Paula se sobresaltó, y casi se cae de la silla al oír la voz de Josefina.


¡Pensó que estaba sola!


—¿Quién es quién? —preguntó, aferrándose a la silla y recuperando su lugar. Se alisó el cabello y apoyó las manos sobre los papeles en el escritorio.


—¿Quién es el tipo en el que estás pensando? —aclaró. Sus ojos brillaban ante la perspectiva.
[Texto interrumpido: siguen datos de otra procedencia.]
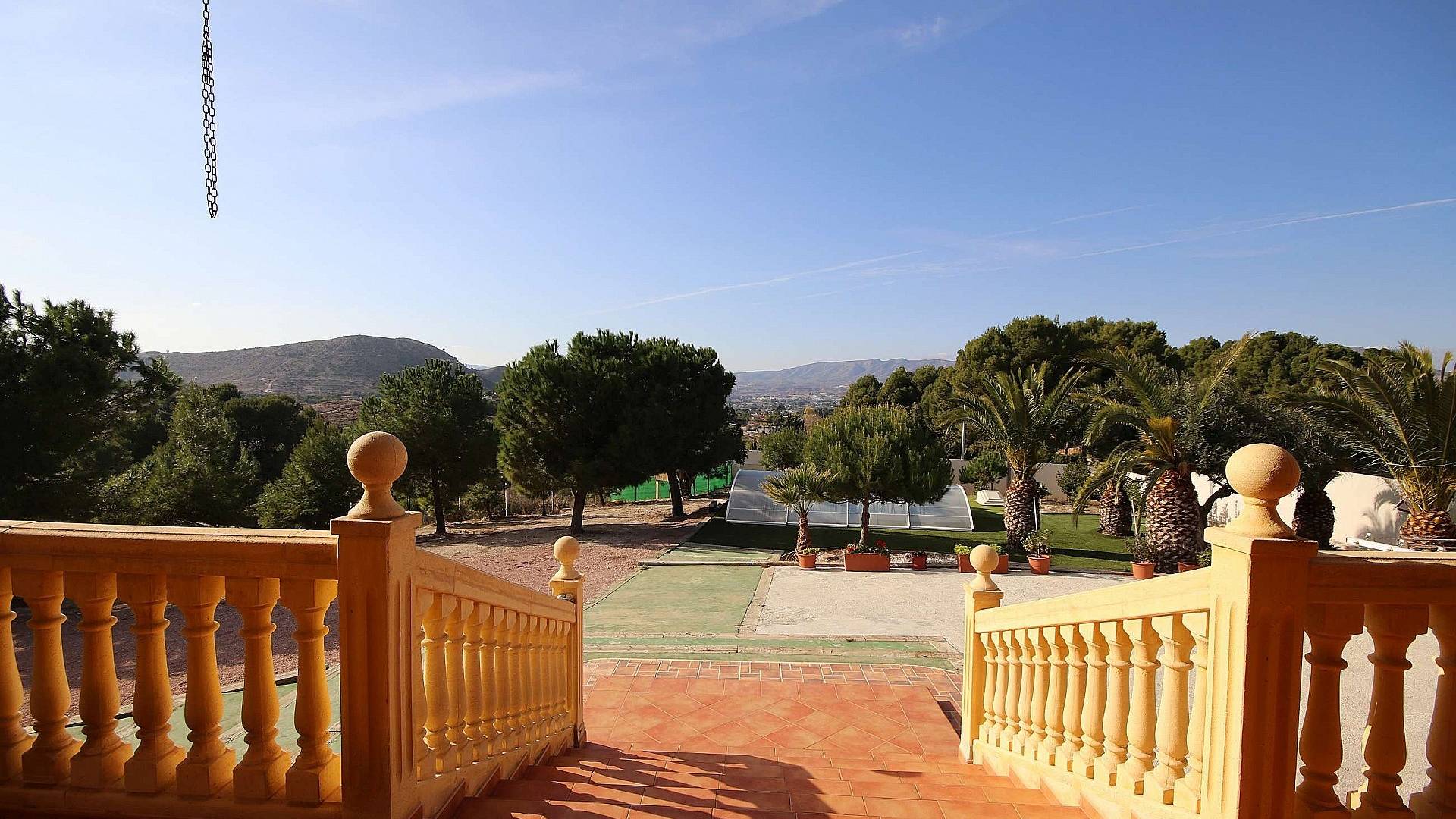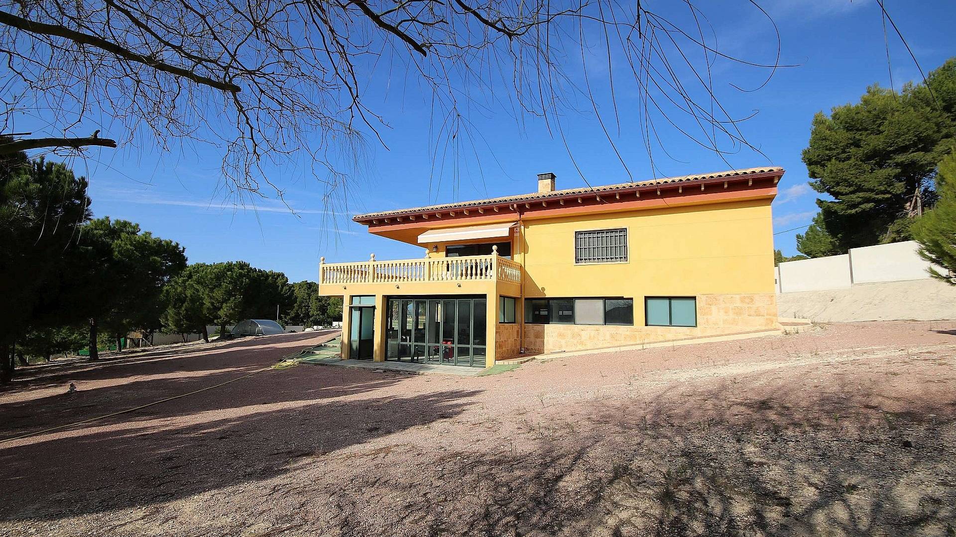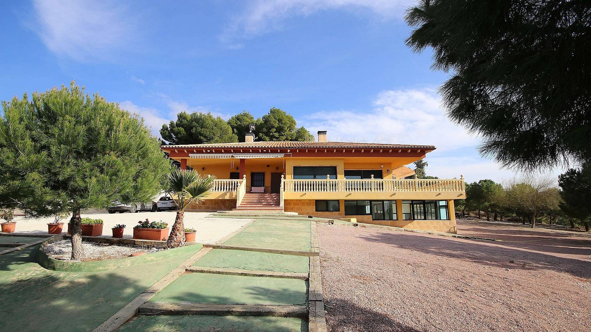 Gran chalet independiente con piscina cerca del pueblo en Elda / Petrer. Tiene 4 dormitorios, 2 baños, salón-comedor, cocina y lavadero en la planta principal, y un gran sótano con baño y cocina pequeña, y potencial para más dormitorios, como apartamento independiente. Afuera hay una bonita piscina con una cubierta deslizante y con césped artificial circundante y excelentes vistas. Construido en 2003. El tamaño de la casa es de 550m² y el tamaño de la parcela 4200m², totalmente vallada.

—¿Llegó Ramiro? ¿No deberíamos estar trabajando? —preguntó.


—Ramiro está de viaje esta semana, así que tenemos por delante algunos días de tranquilidad —explicó encantada. Se alejó de la puerta y vino a sentarse en su silla. —Entonces, dilo. ¿Quién es el tipo?


Paula se encogió de hombros.


—¿Qué tipo?


Josefina se rio y sacudió la cabeza.


—El hecho de que sigas repitiendo esa frase sólo me convence aún más de que tienes un nuevo hombre en tu vida. Así que dime quién es —le exigió—. Vamos, danos una pista. He estado casada quince años y tengo cuatro chicos.
Tengo que soportar tus correrías, y ésta es la primera vez que me entero de que haces otra cosa que no sea trabajar. ¡Así que cuéntame! —bromeó.


Paula sacudió la cabeza.


—No estoy saliendo con nadie —le dijo a Josefina. Y era sólo una verdad a medias. No debía ver a Pedro. Y porque hubiese accedido a cenar con él no significaba que de hecho iría al restaurante.


Además, ¿de veras lo había visto esa mañana? Fueron apenas unos minutos, aunque suponía que técnicamente contaban. Pero la mayor parte del tiempo había estado con los ojos cerrados, así que no sentía que estuviera mintiéndole a su amiga.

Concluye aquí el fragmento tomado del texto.